Who Owns the Learning?: Preparing Students for Success in the Digital Age
by Alan November
Solution Tree (May 21, 2012)
I'm reading the Kindle Edition
My brain is going in two different directions as I read this book.
1. (the young side of my brain) Well, duh. You long ago gave away sole responsibility for hallway and classroom displays. Why not take the next logical step and do the same thing with learning and teaching?
2. (the greying side of my brain) I don't know enough about all of these digital tools! When will I have time to learn them all before I teach them to my students??! I don't have access to enough iPads or laptops to make this work! (answer from young side: Quit hyperventilating. You know very well that all you need to do is turn students loose with technology and they will figure it out. And weren't you paying attention? You can do all of this...or at least get started...with just one laptop and one iPad. That's do-able.)

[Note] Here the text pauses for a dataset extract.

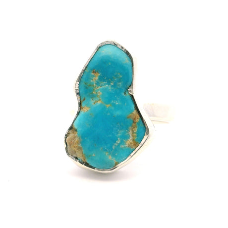 New Mexican Turquoise Ring - Polished Freeform Cat Face Bezel Set in Simple 925 Sterling Silver sz9
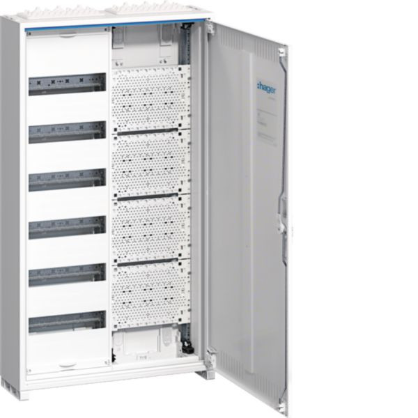 Feldverteiler nach DIN EN 61 439-1/-3! Mit Luft- und Kriechstrecken gemäß DIN EN 60664-1, ideal für Geräte bis 125 A. Ab 800 mm Breite ist er zweitürig. Links sind profilierte Tragschienen, Hutschienen (125 mm Mittenabstand) und PE/N-QuickConnect-Klemmen montiert. Rechts befindet sich das Multimediafeld mit Kunststoffplatten auf profilierten Tragschienen. Innerer Berührungsschutz (SKII) und vertikale Abschottung zwischen Multimedia und Energiefeld für zusätzliche Sicherheit.

Questions for Discussion, Chapter 1
"2. What first steps might you take in building a learning community where your students take on more responsibility for contributing to the learning of the class?"
- Reinvent my classroom jobs to include Scribe and Researcher. I wonder if I could have my Researcher monitor/add to the class Twitter feed throughout the day?
- Resurrect my class wiki and turn it over to the students to manage. Learn just enough about podcasting and screencasting to teach my students (if they even need to be taught) and give it over. Frankly, the biggest barrier I felt/imagined was the amount of time it would take ME to manage the wiki.
- Start a class blog that goes out to the world.
- Don't grade -- don't even offer extra credit points for -- any creative project that contributes to the learning of the whole class. Remember, "Students teaching students is a powerful method for building learning and driving creativity and innovation."
Questions for Discussion, Chapter 2
"1. As an educator, can you name some specific types of lessons or topics that would be particularly well suited for student tutorials?"
Short answer: Yes. Lots of them.
New thinking: Perhaps the next step after a guided lesson with students who are struggling with a topic is to ask them to create a tutorial.
Here are a few possible Language Arts tutorials (guided lessons I taught with small groups) I can think of off the top of my head:
- making plurals with nouns that end in vowel-y and consonant-y (word study)
- cause and effect (reading nonfiction)
- summarizing (reading fiction and nonfiction)
- revising a poem for line breaks (writing)
Cathy (Reflect and Refine) is hosting today's conversation about WHO OWNS THE LEARNING? Thank you to her, and to Jill Fisch (My Primary Passion) and Laura Komos (Ruminate and Invigorate) for bringing us together to have these important conversations.
(A note about my post -- I deliberately did not read anyone else's posts before writing mine. I'm anxious to see how my thinking is the same as and different from everyone else's!)